# Stop tool



## OpenSights (Mar 23, 2015)

Anyone use this? Found it in my Master's poll barn and said I could have it. I've always used crescent wrenchesto install stops, but in some tight spaces they can be a pain. Haven't had a chance to use it yet, just wondering if it's worth using or a paper weight for the office.


----------



## The Dane (Feb 19, 2015)

No I have never used that tool. I use the rigid one stop wrench. https://www.google.com/search?q=rid...AUICSgC&biw=320&bih=404#imgrc=kMxLejkjpMFHVM: works like a charm


Sent from my iPhone using Tapatalk


----------



## OpenSights (Mar 23, 2015)

The Dane said:


> No I have never used that tool.
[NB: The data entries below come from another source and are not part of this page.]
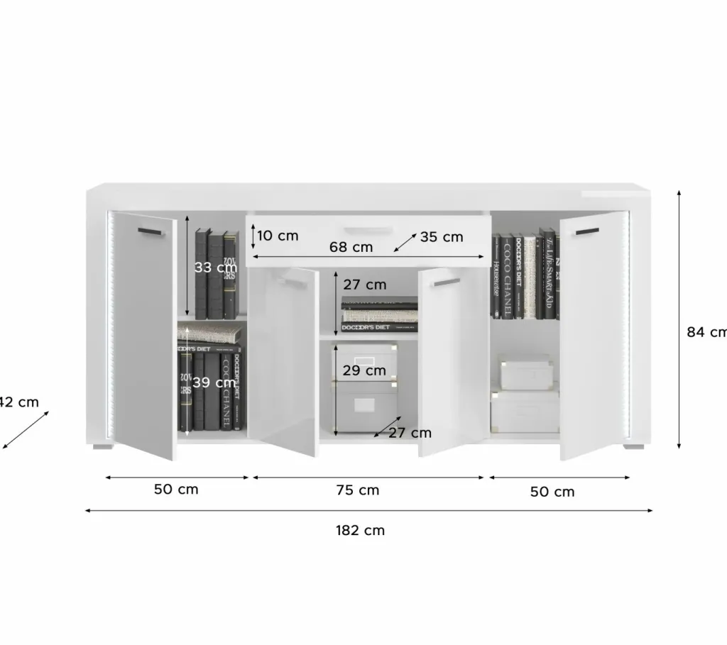 | Équipement Commodes Phono Bureau Étagère: | Portes, Tiroirs | ||
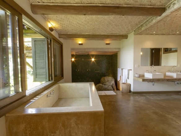 Cette superbe propriété tropicale au Brésil dispose de 6 suites spacieuses et confortables, de 7 salles de bains, d’un grand salon, d’une cuisine avec cellier, d’une buanderie, d’une véranda donnant sur la mer, d’une charmante piscine, d’un sauna et d’un grand espace gazonné avec aménagement paysager.
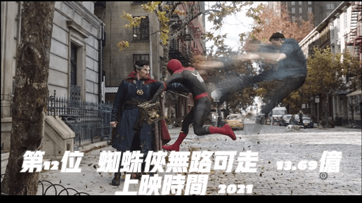 第12位:蜘蛛侠:无路可走 Spider-Man: No Way Home 票房:13.69亿美元 2021
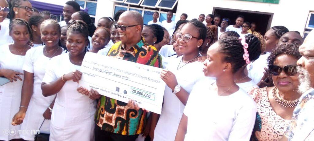 The former Governor of Anambra State, Mr Peter Obi, has donated N20 million to the Godfrey Okoye University (GOUNI), Enugu in support of their ongoing hospital project.
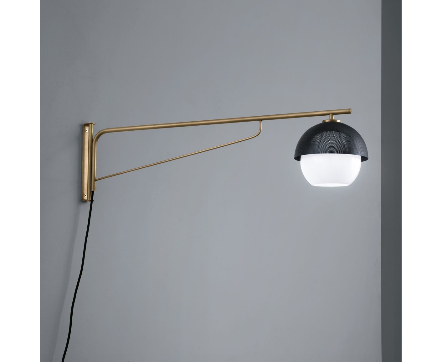 Настенный светильник с регулируемым кронштейном. Его светлая или темная полированная латунная структура идеально подходит для различного использования. Элегантный металлический микроперфорированный абажур, доступный в двух цветах, смягчает яркость диффузора из выдувного стекла.
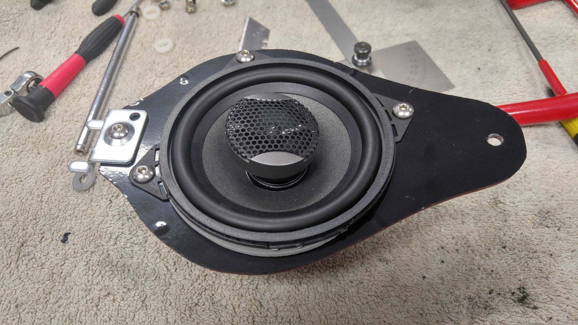 I traced the shape of the OEM mounting plate onto a piece of Lexan than then cut it out with my band saw and hole saw in a drill press. I had to break off one of the 4 speaker mounting tabs to prevent interference with the speaker grill mounting slots. I used a bracket I have for mounting things into slatwall which fit into the slot in the car to hold it perfectly. Once I had the plate built, I covered it with some black vinyl so it would look good through the speaker grill.
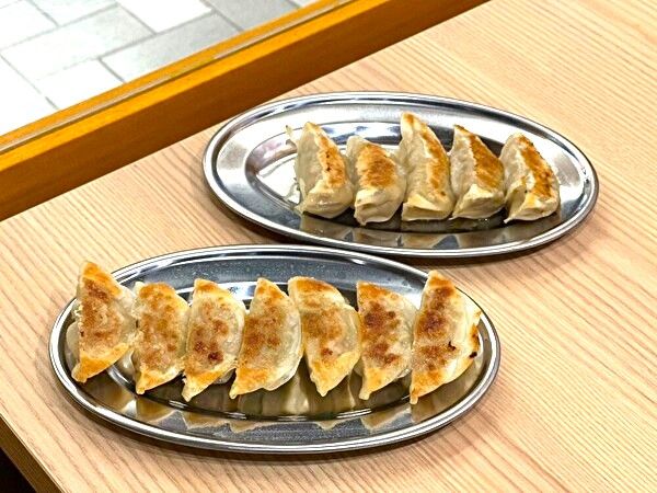 まず、2大名物の一つ、餃子です。厚さ0.6ミリの薄皮で手包みした一口サイズの「焼き餃子」の皮はパリッと、中身はジューシーで、肉肉しくて、食べ応えがあります。
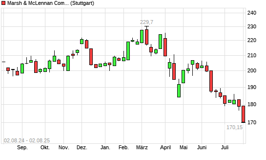 Mit dem Rücksetzer auf 172,70 EUR hat die Marsh & McLennan Companies-Aktie (ISIN US5717481023) am 01.08.2025 ein neues 12-Monats-Tief erreicht und damit den Kurs vom 31.07.2025 eingestellt.
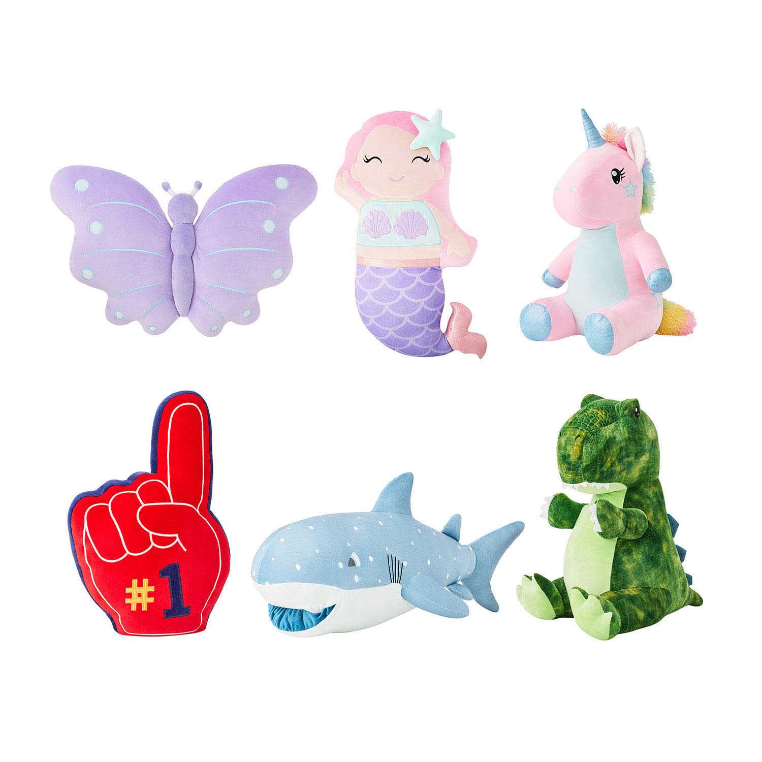 Spark your little one’s imagination and surprise them with a Member’s Mark Kids’ Squishy Pillow. They make the perfect gifts for birthdays, holidays, special occasions or ‘just because.’ This whimsical character pillow is a fun decorative accent for your kids’ bedroom or playroom decor.This squishy pillow is inspired by the wildly popular squishy foam toys kids currently love to collect (and squeeze). Each adorable kids’ decorative pillow has an irresistibly squishy texture thanks to its durable, slow-release filling that resumes its original shape after it is squeezed. Your child can choose from six fun styles, including unicorn, dinosaur, mermaid, sports, butterfly and shark. Pick one or collect them all. There’s no such thing as ‘too many pillows.’ (Each squishy pillow is sold separately. The butterfly and shark pillows are available online only.) Decorate with the Member’s Mark Kids’ Squishy Pillow to complete your child’s themed bedroom or playroom and add a little extra magical charm to their days. This adorable pillow is super cozy, soft and comfortable enough for them to cuddle up with at night or use during naptimes.More than just decorative, this super-soft accent pillow doubles as a comforting huggable plushie. Kids can use this decorative pillow as a cuddly companion at bedtime and a plush character for imaginative play. The pillow’s squishy texture helps provide a soothing sensory experience that kids love. This pillow is recommended for kids ages 3 and older.The Member’s Mark Kids’ Squishy Pillow is made from polyester and spandex materials for a soft feel and durable design that’s designed to last. You can easily keep this decorative pillow looking and feeling fresh by machine washing it gently and separately as needed. Member’s Mark Kids’ Squishy Pillows coordinate with other Member’s Mark collections. With so many designs and colors available, you can select one or more Member’s Mark pillows to mix, match and collect.
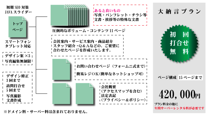 スマートフォン・タブレット対応、またJAVAスライダーにて、視覚的にも満足していただけるプランです。圧倒的なボリュームにて多くの情報を発信できます。
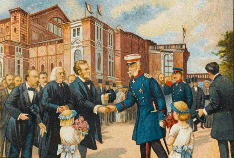 德国皇帝威廉一世接见瓦格纳。阿多诺在《音乐社会学导论》中将一体两面的“指挥家与管弦乐队”设置为标题,而早在上世纪三十年代成稿、1952年开始大规模出版并引起关注的《试论瓦格纳》中,他己经进一步演绎了管弦乐团的进一步后果。管弦乐队发展的必然性结果除了贝多芬和柏辽兹之后“愈发臃肿的配器规模”,最终形成了所谓“指挥家音乐”这个结果概念。从管弦乐队到贝多芬,再到指挥家音乐,再到“第一位以宏大风格创作指挥家音乐的瓦格纳”。瓦格纳设计“看不到指挥与乐团的剧院”的初衷,其实是在更高的位置俯瞰听众,他的指挥台位置虽在观众之下,但“摆布观众”的统治意象借助于不断重复的主导动机,以“广告商品符号性的功能”操纵一切。创作“指挥家音乐”的指挥家不需要指挥台,他们在听觉上已经达到了征服的目的。于是,众多以“指挥家音乐”为设计的瓦格纳产品在各种外在的作用下,驱动观众走向服从统一意志的归宿。讽刺的是,当指挥家的统治建立起来,并施加足够的时间温床而催化后,死去的贝多芬的意志反而被指挥家瓦格纳剥夺了,死去的瓦格纳又被他以后的指挥家甚至政客所剥夺了。阿多诺所指出的“引文式”瓦格纳音乐元素需要音乐以外的确定性诠释,那么瓦格纳音乐中的无终旋律呢?在阿多诺的笔下,无终旋律的音乐模进“貌似发展实则重复”。而在现实中,阿多诺所指的无终旋律“舞蹈冲动”甚至能够诱发日本舞蹈家敕使川原三郎这类舞者的冲动,二十一世纪的敕使川将《特里斯坦与伊索尔德》音乐编为波浪式的双人舞蹈,这相当程度上跨越了不同的时空,形成共鸣。假设这能被阿多诺得知,他一定会想象在敕使川的舞姿之上不断挥动着瓦格纳那杆具有魔力的指挥棒。 接受阿多诺“彻底否定”的前提当我们孤立地阅读《试论瓦格纳》时,往往会前提性以“否定辩证法”为前提,从而合理化阿多诺对瓦格纳的彻底否定。比如我们目睹阿多诺对瓦格纳和贝多芬的比较时,一定将阿多诺对贝多芬的肯定视为“相对的肯定”,而将其对瓦格纳的否定视为“绝对的否定”,或者说,对贝多芬的相对肯定只是在批判瓦格纳这个情境下所附着的产物,对贝多芬的否定则是另一个场域中绝对的存在。但是,当《论马勒》和《试论瓦格纳》编为一册,形成了一本《论瓦格纳和马勒》时,我们通过前后的对照能够得到提醒,我们会格外注意他对马勒的宽容和对瓦格纳的“刻薄和不公”。比如阿多诺用科希玛(李斯特之女,瓦格纳之妻)的恶行去指责瓦格纳,这显然是荒唐的;还有他对某些事实层面问题的忽视,例如:“主导动机“这个概念的过度雕刻和推崇很多根本不形成于瓦格纳本人的创作逻辑和言行,而是出于“拜罗伊特学派”一些谄媚式的宣传,瓦格纳本人只是利己性的默默吞下而已,在这一点上,也许科尔曼反而看得更清楚些;至于所谓“二把刀”“半吊子嫌疑”,则明显出于阿多诺对瓦格纳早年在魏因里希手下受训时的成果的严重低估;再有是1848年的革命活动在多数社会主义评价体系下,都被行为性地判断为瓦格纳的人生闪光点,但阿多诺却进一步将其做心理和主观性的分析,最终将艺术家从“元法西斯分子瓦格纳”继续降格为“自我毁灭倾向的反社会人格恐怖分子瓦格纳”,乃至一位以建设性的革新诉求为工具、实则从精神到行动履行毁灭任务的瓦格纳。阿多诺对瓦格纳和马勒的许多标准不一的论述,其实揭示了阿多诺否定历史进步论,批判工商社会对艺术进行异化的历史框架贯穿从17世纪到20世纪的整个西方音乐史,已经形成了一个完整的历史解释体系。他的理论体系很可能会把他的某些事实判断脱离真正的事实。

I use the rigid one stop wrench. https://www.google.com/search?q=rid...AUICSgC&biw=320&bih=404#imgrc=kMxLejkjpMFHVM: works like a charm
> 
> 
> Sent from my iPhone using Tapatalk


Looking at that, looks great! But not for tight spaces. This is a ratcheting kind of tool.

When you have to flip flop a crescent wrench to get 1/8 of a turn.


----------



## Debo22 (Feb 15, 2015)

Same answer as The Dane, it works pretty well in tight spots. The one you have looks like it might come in handy once in a while. I keep a tool box on the truck for specialty tools that rarely get used but save your ass when you need them.


----------



## Gargalaxy (Aug 14, 2013)

Got both wrenches, the Pasco one for more than 10 years now and just used it every once in awhile, it's comes handy in tight spaces.


----------



## WashingtonPlung (Jul 25, 2016)

Gargalaxy said:


> Got both wrenches, the Pasco one for more than 10 years now and just used it every once in awhile, it's comes handy in tight spaces.


Own both and the Ridgid is way better. The other one will slip over time and you will crack your knuckles on it. Save your knuckles and just use the ridgid wrench.


----------



## OpenSights (Mar 23, 2015)

Just ordered the one stop. Thanks for the advice! I'll keep the pasco on my truck just in case.


----------



## The Dane (Feb 19, 2015)

One can never have too many tools 


Sent from my iPhone using Tapatalk


----------



## KoleckeINC (Oct 22, 2011)

Got one, That's the Pasco dual kwik tite, you'll like and need the angle on wrench to go with it. Threads onto a 3/8comp or 1/2 fip


----------